Table of contents

• Setpoint
• Optimization of energy costs
  • 1. Storage
  • 2. Variable power loads (EVs, ...)
  • 3. PV Production
• Optimization of self consumption
  • 1. Fixed power devices (heat pumps, ...)
  • 2. Variable power loads (EVs, ...)
  • 3. Storage
• Feed-in restriction
• Peak shaving only
  • 1. Storage
  • 2. Variable power loads (EVs, ...)
• External signal
• Uncontrolled

More about the algorithms behind the control modes is only available on request due to the protection of intellectual property.

Setpoint

By utilizing the Setpoint mode, the system ensures that critical energy devices can operate at their full capacity without compromising the overall power supply. This mode guarantees the delivery of the required power unless it conflicts with higher-priority devices. It allows for efficient and reliable energy management, preventing potential disruptions while optimizing energy usage.

For example, consider a DC charger that needs to consistently deliver 100 kW, unless the energy meter at the installation's main connection indicates that the maximum power draw would be exceeded. In this scenario, the DC charger is assigned priority 2, while the energy meter is assigned priority 1.

Optimization of energy costs

The "Energy Cost Optimization" mode takes into account the energy market relevant to the customer. It analyzes periods of low and high energy costs, and based on this information, adjusts energy technologies and their consumption or production accordingly. This mode may restrict production, store energy, or increase/decrease consumption, depending on the time intervals identified as economically favorable. The goal is to make the most cost-effective decisions.

1. Storage

Several factors are considered when determining the optimal strategy. These include battery charging cycles, compressor start and stop schedules, and the feed-in tariff for solar energy. At certain times, energy prices may even become negative, and the smart grid controller takes advantage of such situations.

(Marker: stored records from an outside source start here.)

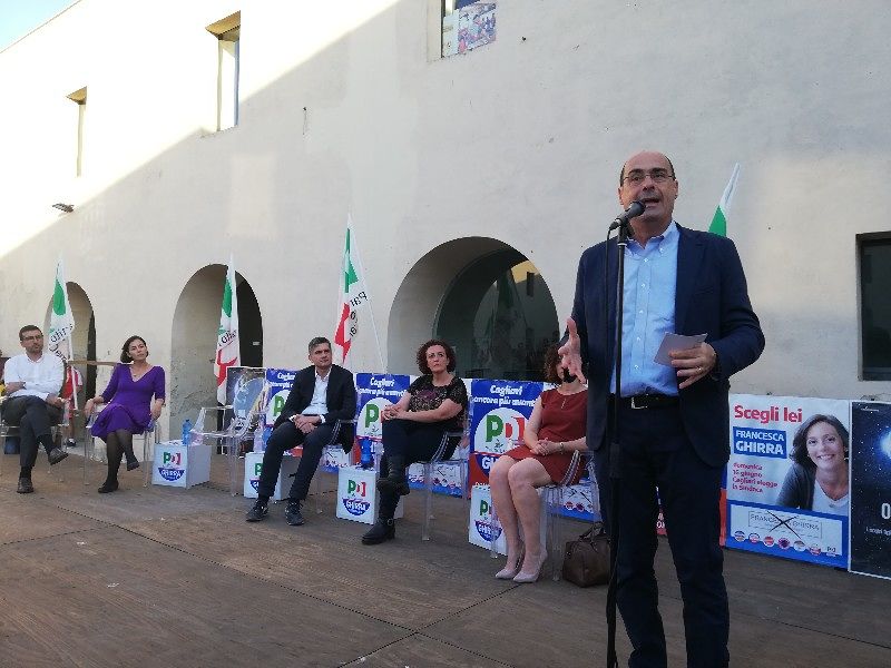 Nicola Zingaretti sbarca a Cagliari per tirare la volata alla candidata a sindaca del centrosinistra Francesca Ghirra. In un Lazzaretto di Sant’Elia con varie file di sedie occupate il segretario del Partito Democratico è netto: “Perché bisogna votare per la Ghirra? Perché c’è in gioco il futuro dei cittadini cagliaritani”, spiega nel breve punto stampa organizzato prima di salire sul palco. E lì, Zingaretti, è un fiume in piena: “I risultati delle Europee sono un primo e importante passo avanti, ricordo che in Italia vige l’apologia di fascismo, non di antifascismo”, afferma, e il riferimento è “allo striscione fatto rimuovere sabato scorso durante un corteo dei sindacati”. Zingaretti annuncia anche che porterà avanti la lotta “contro il disegno di legge Pillon, i ragazzi e le ragazze che oggi hanno vent’anni si ritroverebbero a dover combattere di nuovo tra altri venti, qualcuno vuole rimettere indietro le lancette dell’orologio delle donne e delle famiglie”.
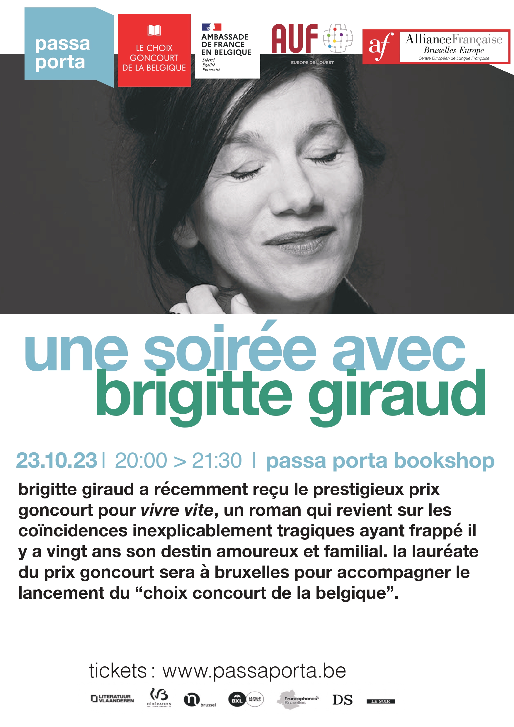 Déjà lauréate de la mention spéciale du prix Wepler, du prix Goncourt de la nouvelle et du prix Jean Giono, Brigitte Giraud* recevait en novembre dernier pour Vivre vite le plus épié des prix littéraires, l’un des plus prescripteurs aussi : le prix Goncourt. Devant un parterre d’étudiantes et d’étudiants futurs jurés du « choix Goncourt de la Belgique », auquel Passa Porta souhaite mêler du public, Brigitte Giraud vient témoigner de ce qu’un prix littéraire change dans la carrière d’une écrivaine. Quels rapports entretient celle qui recevait en 1997 le prix des étudiants pour La Chambre des parents avec des lecteurices d’une nouvelle génération ?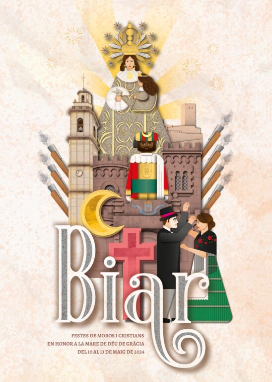 L’acte va començar amb el descobriment del cartell de festes obra de Mº Dolores Martínez. L’ autora va explicar la idea gràfica, que li ha portat a plasmar gran part dels elements característics en la imatge que presenta les festes locals en 2024. “Finalment, em vaig decidir per una composició triangular, també està cuidada la simetria, encara que apareguen diferents elements a dreta i esquerra com per exemple els arcabuceros quatre en una i tres en una altra, mantenint el nombre de comparses de tots dos bàndols”, va explicar, Així mateix, Martínez ha comptat les festes de Biar en amb afectes i jugant amb les textures, alguna cosa que l’apassiona.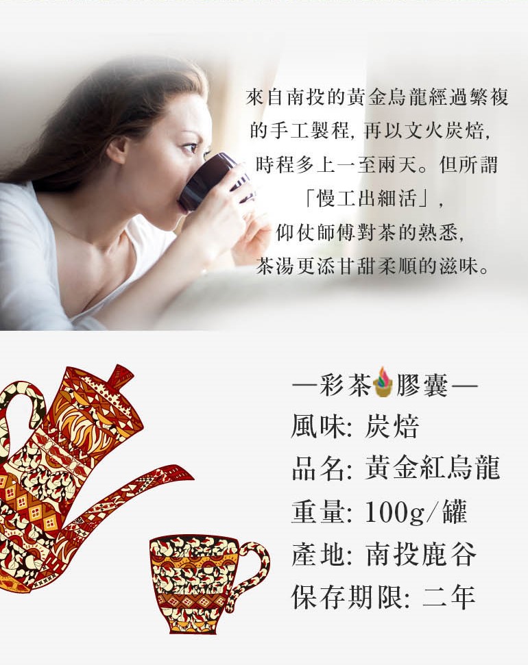 來自南投的黃金烏龍經過繁複的手工製程,再以文火炭焙,時程多上一至兩天。但所謂「慢工出細活」,仰仗師傅對茶的熟悉,茶湯更添甘甜柔順的滋味。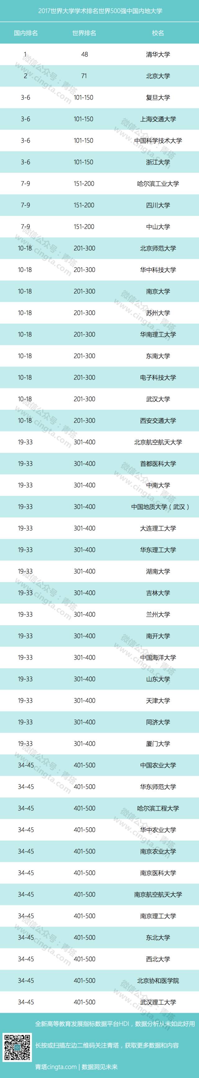 继2016年跃入世界百强后,清华大学今年再次取得突破,跻身世界前50,位列全球第48名,北京大学仍保持世界百强的位置。复旦大学、上海交通大学、中国科学技术大学和浙江大学四校均排在第101-150名。四川大学进步明显,首次入围世界两百强,电子科技大学和武汉大学由2016年的301-400名上升至世界第201-300名。

The optimization algorithm looks for the most optimal path of the amount of stored energy over time to optimize cost. You may see the following things happen:

General behavior:

• Most optimal charge moment: The most optimal moment for the battery to charge generally is when there is excess PV generation available at the moment of the day when the sell price of energy is the lowest. This tends to be in the afternoon.
• Most optimal discharge moment: The most optimal moment for the battery to discharge generally is when there is energy consumption at the moment of the day when the buy price of energy is the highest. This tends to be at night.
• Amount of charge: The battery will only charge as much energy as the algorithm estimates that is needed or could give a financial benefit when discharging later for selling to the grid.

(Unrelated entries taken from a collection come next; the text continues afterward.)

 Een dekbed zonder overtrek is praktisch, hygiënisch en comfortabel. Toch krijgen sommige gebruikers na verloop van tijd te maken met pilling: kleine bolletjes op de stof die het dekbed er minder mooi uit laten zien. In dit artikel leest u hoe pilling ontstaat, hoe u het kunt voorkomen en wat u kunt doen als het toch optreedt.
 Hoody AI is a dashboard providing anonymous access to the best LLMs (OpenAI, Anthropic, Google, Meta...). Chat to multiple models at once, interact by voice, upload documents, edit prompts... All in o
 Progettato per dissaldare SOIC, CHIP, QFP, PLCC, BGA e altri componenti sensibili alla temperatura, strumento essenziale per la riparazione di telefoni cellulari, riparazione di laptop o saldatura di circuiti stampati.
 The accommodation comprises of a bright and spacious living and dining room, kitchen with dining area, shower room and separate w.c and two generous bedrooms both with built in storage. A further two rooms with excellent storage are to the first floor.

Other moments of discharging:

• If there is more energy available in the battery than required by the consumption and the energy was charged at a price low enough compared to the current energy price to overcome the degradation cost of the battery, then the battery may discharge to sell energy to the grid at a profit. This corresponds for example to selling excess PV energy at a later moment, when energy prices are higher.

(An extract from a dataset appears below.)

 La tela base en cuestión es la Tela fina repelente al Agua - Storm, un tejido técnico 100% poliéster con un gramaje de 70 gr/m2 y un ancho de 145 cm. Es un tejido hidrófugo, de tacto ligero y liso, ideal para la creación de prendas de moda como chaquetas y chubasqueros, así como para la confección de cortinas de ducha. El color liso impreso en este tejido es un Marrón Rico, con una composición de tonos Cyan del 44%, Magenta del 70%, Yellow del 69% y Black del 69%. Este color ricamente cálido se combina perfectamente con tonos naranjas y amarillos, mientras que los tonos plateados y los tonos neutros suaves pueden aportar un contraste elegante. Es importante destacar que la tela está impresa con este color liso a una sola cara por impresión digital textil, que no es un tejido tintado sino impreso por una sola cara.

Other moments of charging:

• If there is no excess PV energy available and energy prices are very low, then the battery may charge.

2. Variable power loads (EVs, ...)

The charging will happen at the moments that the energy prices are the lowest.

3. PV Production

PV production will be reduced to not have export to the grid at moments that prices are negative.

Optimization of self consumption

With this control mode, the controller will try to match the consumption as good as possible with the the local production. A different approach is used based on the type of device, in the order given below.

1. Fixed power devices (heat pumps, ...)

For these devices, the controller will estimate how much time the device needs to be on to fullfill its energy needs. The device is scheduled to switch on (or be given a smart grid control signal) at the moment when there is enough excess energy available during a long enough time period.

2. Variable power loads (EVs, ...)

In the case of variable power loads, the controller will distribute the available excess energy over all the variable power loads as evenly as possible using the "democratic charging" algorithm. If all the available excess energy has been allocated already and not all EVs have their energy demand completely met, the remaining required energy will be scheduled to take place immediately at the maximum current possible.

3. Storage

Any remaining energy will be stored for later use. Later when there is not enough production available to supply all loads, the storage will discharge first to supply to these loads.

Feed-in restriction

The feed-in restriction mode only applies to PV production. With this mode, the PV production will be reduced so that there is no net export to the grid (feed in restrictions). This mode is always applied after all other modes, to make as best use as possible of available PV production.

Peak shaving only

With this mode, the controller will try to reduce peaks as much as possible. A different approach is used based on the type of device, in the order given below.

1. Storage

Storage will discharge at the highest import powers and charge at the highest export powers, to smooth out the peaks as much as possible.

2. Variable power loads (EVs, ...)

In this mode the controller will distribute the available grid capacity over all the variable power loads as evenly as possible, using the "democratic charging" algorithm.

External signal

It is possible to add an external signal to variably change the used control mode. Please contact Eniris for more possible integrations.

Uncontrolled

This disables the control of the device in question.